Ever since I was a child, I have always loved surprises. The same feeling people get when they ride rollercoasters1 is how I feel when I am surprised. For that reason, I have always hated spoilers and shows or movies being spoiled for me. My mom would always roll her eyes and say it wasn’t that big of a deal, but it always bothered me.
It feels like someone is taking away an experience from you that you can never get back. I have a memory in high school of me pushing someone down the stairs because he ruined what Gossip Girl was for me when I was watching it for the first time.2 I also went off on one of my friends because I thought they spoiled the book Of Mice and Men for me. Clearly, I had some unchecked anger issues, but either way, these people were not respecting my boundaries for not wanting spoilers!
I even take it a step further and don’t want spoilers for movies or shows that are old or came out years ago. Some people feel that it is excessive because if I am upset about Star Wars, for example, that has been out for decades and has been referenced in countless TV shows and songs.3 However, for certain more niche things, I feel that it’s fair. Not everyone has seen the same popular movies or TV shows! That being said, those are easier to avoid than a tour that is actively happening.
When Beyoncé went on Tour for Renaissance, I deleted all my social media for 3 months to avoid spoilers. I am so glad that I did that and wish I could do that again, however, I have to keep my social media for my job. Therefore, I posted on my Instagram that I didn’t want anyone to send me anything from the tour. So far, only one person has sent me something, but I think he got confused because I posted something about the tour that I saw. After all, it was flooded on my feed, and it was inescapable.
That being said, I know that it is extra and a bit overkill to ask my friends who are just a big of Beyonce fans as me not to talk about the tour with me. I understand friends who just want to tell me a minor part of the tour because they don’t think it’s a spoiler. However, I am of the mind that any part of a movie, TV show, tour, etc., that is told to me is a spoiler. I have a very active mind, and the reason I ask to be told ANYTHING from the piece of media is because if I figure out a small part of it, I can usually infer and figure out a larger part of it. It’s a protection against my mind. Many people laugh at this, but every time I say it’s okay, I regret it because I always end up figuring it out.
For example, someone I used to be friends with told me that for the Renaissance world tour (months before the date I was supposed to see her) that “people were mad because she’s not dancing.” Upon hearing it, I was really upset 1. because I asked him not to tell me 2. that didn’t even seem like Beyoncé 3. Even if she wasn’t, I’m sure she would have had a good reason, as we knew that she had just gotten knee surgery for something that happened during the Beyoncé experience many years prior. However, it made me think about why she may not be dancing and what she would be doing instead of dancing. I predicted that she would be singing more songs that showed off her vocal ability, versus dancing to. Ultimately, as we know, she did dance4, and that person was just being annoying. Instances like that always piss me off because why did you need to tell me so bad? Many people just want to get a reaction out of me for their own enjoyment, and that is so aggravating and unfair.

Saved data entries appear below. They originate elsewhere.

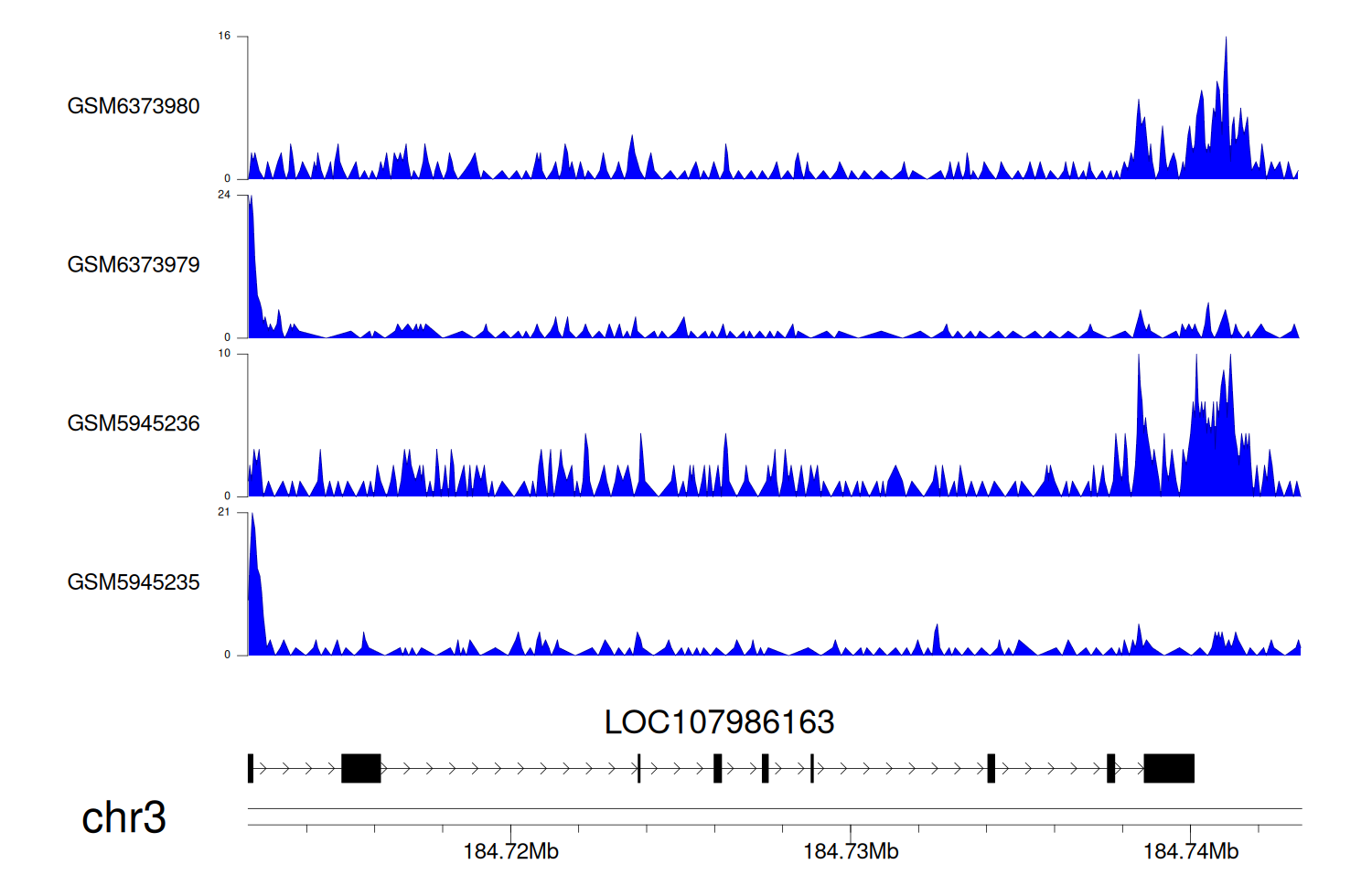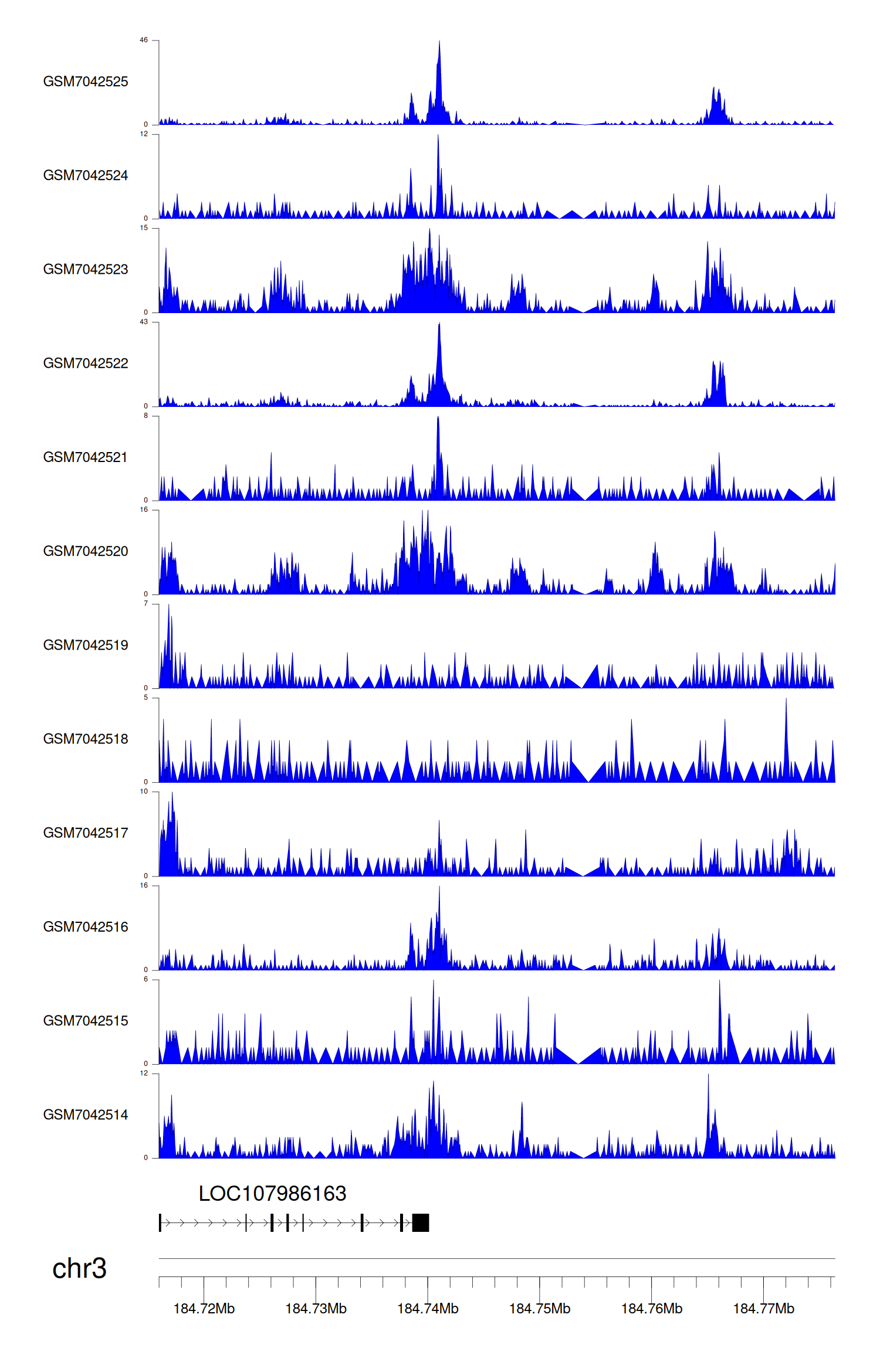 > Dataset: GSE225248 - LOC107986163 peak across samples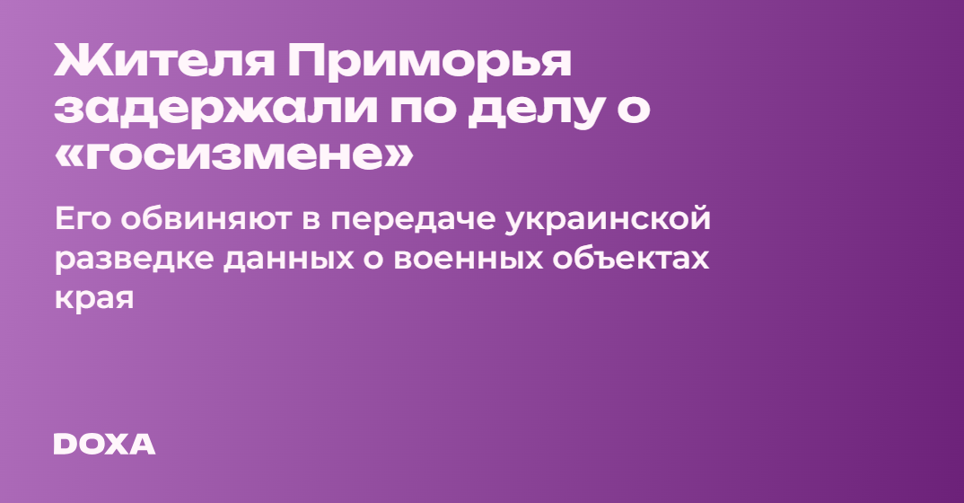 В Приморском крае задержали местного жителя по обвинению в «госизмене»,сообщает РИА«Новости» со ссылкой на ФСБ. По данным ведомства, мужчина передавал украинской разведке сведения, которые могут использовать против «безопасности России».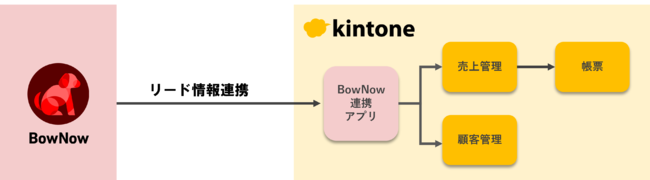 『BowNow』で取得したマーケティング情報が、「BowNow連携アプリ」を経由して『kintone』に引き継がれることで、『kintone』内での売上情報や顧客情報などの管理が可能となります。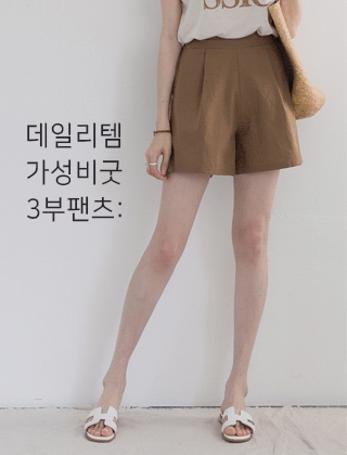 핀턱주름 뒷밴딩 3부바지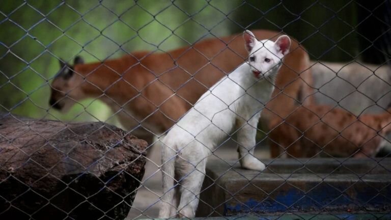 Το μικρό πούμα που γεννήθηκε σε αιχμαλωσία ονομάζεται Itzae, που στα Μάγια σημαίνει “δώρο από τον Θεό“, και είναι το μοναδικό αλμπίνο πούμα σε μια γέννα τριών ατόμων.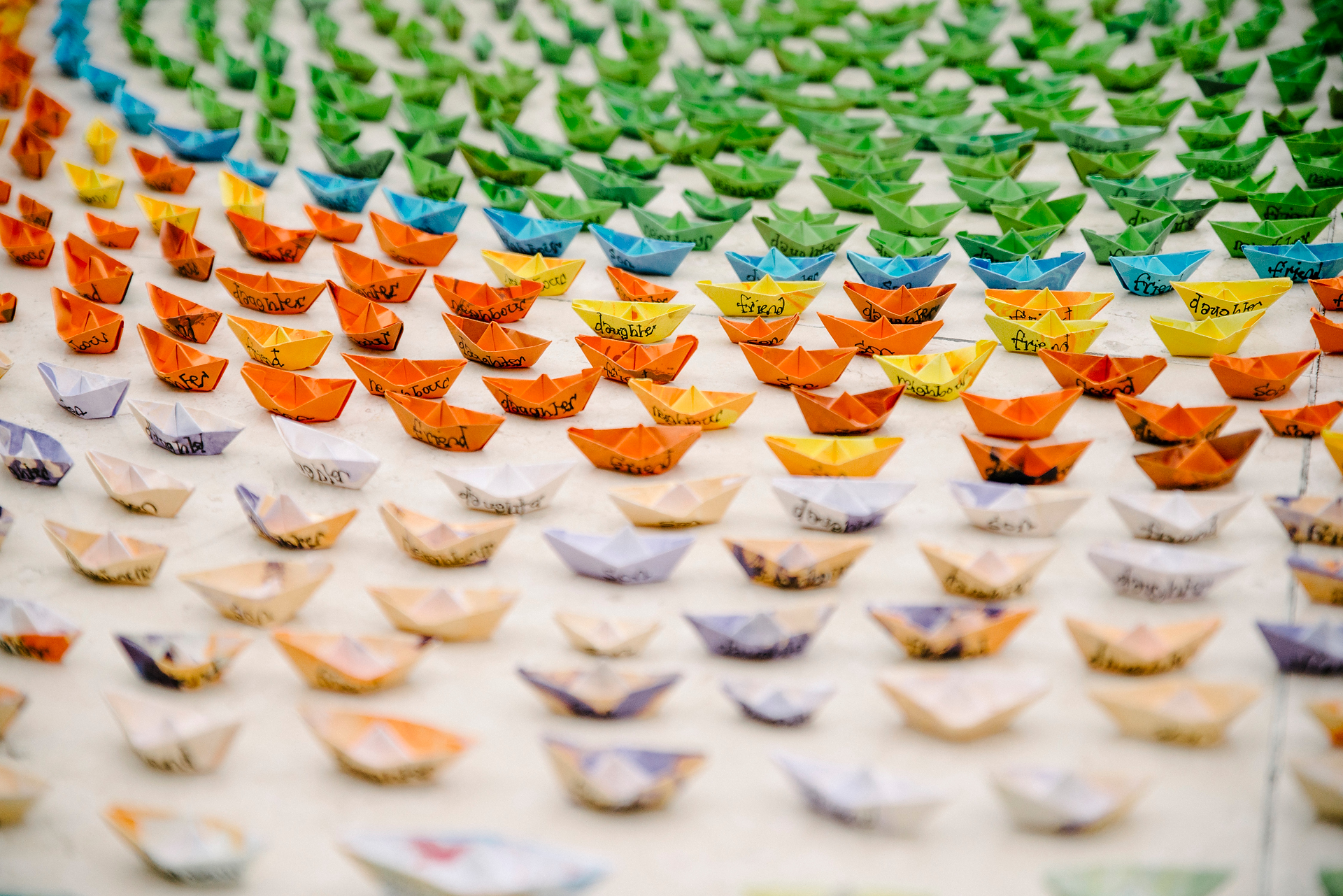 Bern describes the almost solitary production of the tiny boats in her kitchen as a powerless and repetitive endeavour which bears witness to the huge loss of life along the Libya/Italy and Greece/Turkey migratory routes. Paper is water-marbled, dried, torn, folded and turned into a boat, each representing a person recorded by the Missing Migrants Project as drowned or disappeared in the Mediterranean Sea whilst attempting to reach Europe. She writes the words ‘son’, ‘daughter’, neighbour’ or ‘friend’ upon each one, building month by month a colour coded reminder of the similarities we share with people forced to leave their homes.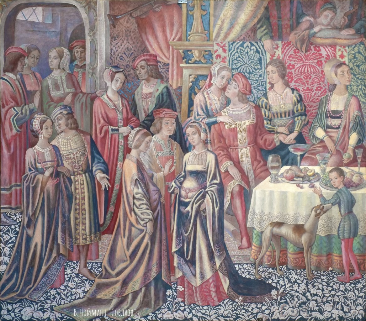 «Соблазн». Триптих эмблема сословий . Холст/ масло, 150х170 , 2023 г . Картина была представлена на выставке «Новое Средневековье в Государственном музеи истории Санкт-Петербурга.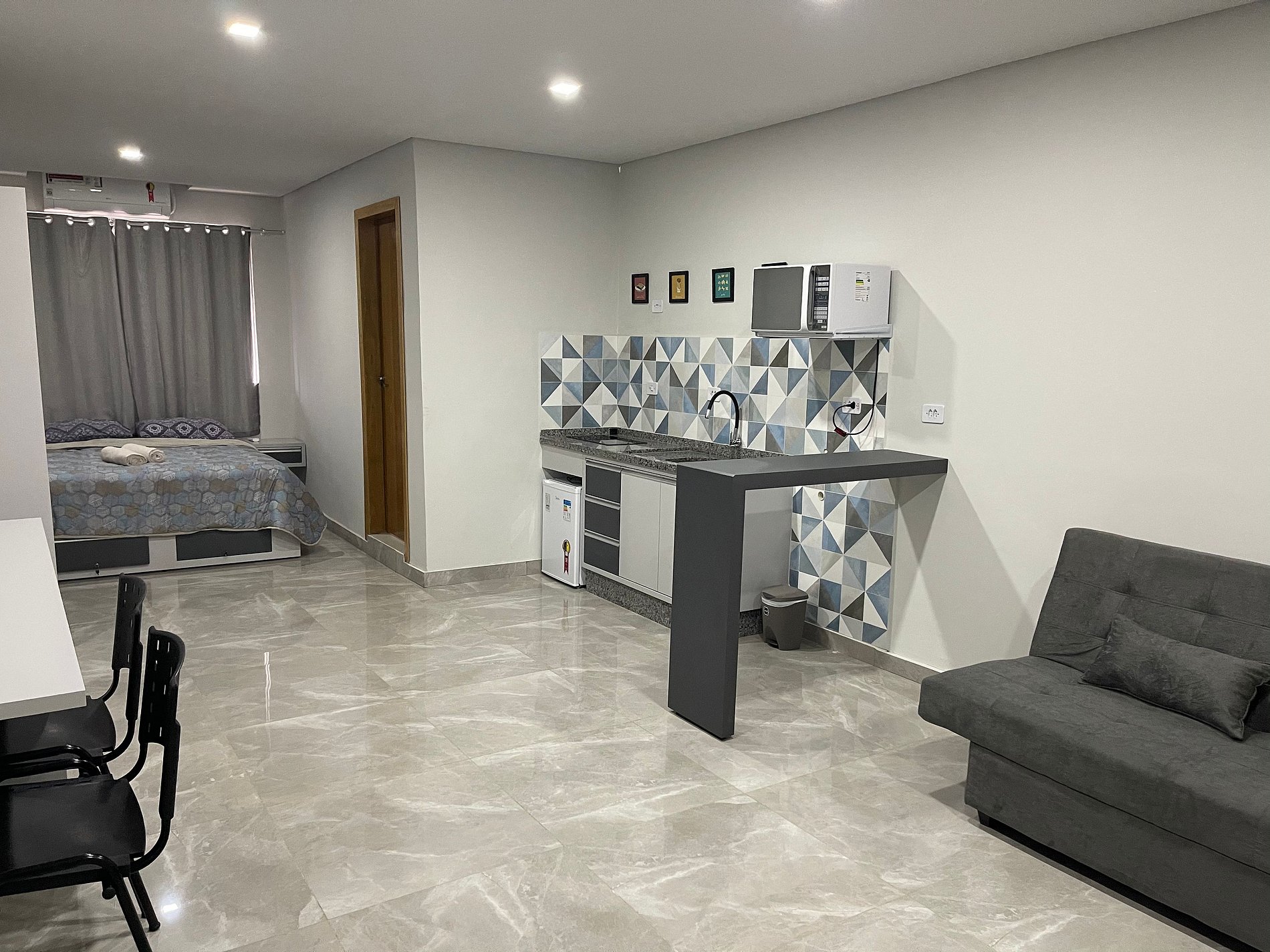 Novo apartamento Studio situado no polo comercial de Foz. A poucos metros da Ponte da Amizade, sendo uma ótima opção para quem vem conhecer Foz e comprar no Paraguai. Próximo a supermercados, posto de gasolina, lojas de conveniência, caixa eletrônico, terminal rodoviário, farmácias, lanchonetes e das principais lojas da Vila Portes
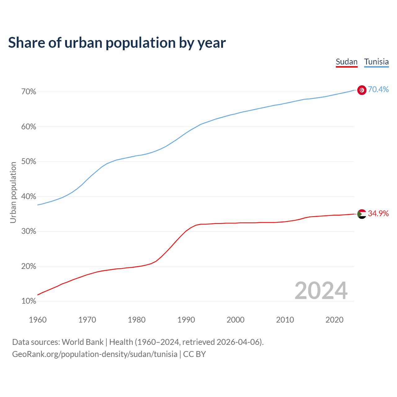 From 2004 to 2024, the share of urban population changed from 32.4% to 34.9% in Sudan and from 64.9% to 70.4% in Tunisia.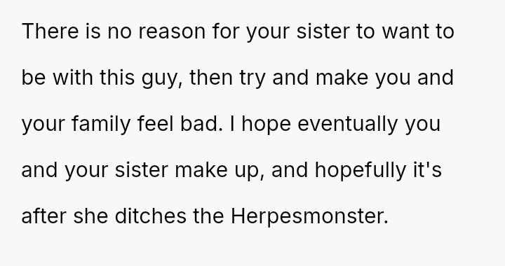 Given the severity of the ex-partner's past actions—which included deliberate concealment of an STD that carried fertility risks—was the OP's decision to instantly sever ties with her sister the right choice to uphold personal boundaries, or was it an overly harsh response that unfairly punished the sister for dating someone who the OP believes cannot be redeemed?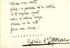D'Annunzio Gabriele, 'Frammento'. Testo poetico firmato, autografo (?). Non datato.

Obviously, being on the internet and social media, I am bound to be spoiled by SOMETHING from the Cowboy Carter tour. I have seen a few things just by the nature of literally every single person and account talking about it. I can’t delete my social media, but I have been significantly limiting my time on there to avoid spoilers. Even if I did delete my social media, it would only be for a few weeks since I see her at the end of the month. So I am still considering it.
My real frustration with avoiding concert footage and spoilers is that it is virtually impossible. Even if I unfollowed every Beyhive member, fan account, and music page, there will always be an unexpected account posting about it. For example, Lowe posted about it today because she wore one of their costumes last night. I didn’t freak out because I’m not worried about seeing outfits. After all, they change every night. But so many outlets are going to write about the tour, and I have to constantly look at news and culture news outlets for my job. From what songs she is singing or changing each night. To surprise with guest appearances. It’s just the name of the game. I have been trying not to get too upset if I see something because ultimately it’s just a concert.
But, I do long for the days when you went to a concert and it was about experiencing it in the moment. No one is looking through their phones, no footage will be all over my timeline the next day, and it will take outlets a couple of days to a week to write their review. I do take videos at concerts just in case I decide to write a review of it or mention it in a letter. However, I am of the curse of having tons of concert videos sit in my photo album to never be seen again.
Why is our society so obsessed with not being in the moment? Reliving things? Sometimes things lose their special quality if we are oversaturated with them. That is not the case with Beyoncé because I can watch her perform a million times and not be tired. But when it comes to other media, why is it that every person, publication, and account has to try and capitalize on it? Why have we allowed social events to become social currency? And why do we not respect the wishes of others who wish to be excluded from that experience?
Other Beyoncé posts:
I am notoriously not a thrill seeker and hate rollercoasters and most amusement park rides
He was fine, and I deliberately asked him not to tell me, and he told me anyway
To be clear, I’ve never cared about Star Wars, so this was just a hypothetical
Albeit not as much or as hard as her previous tours but she did dance!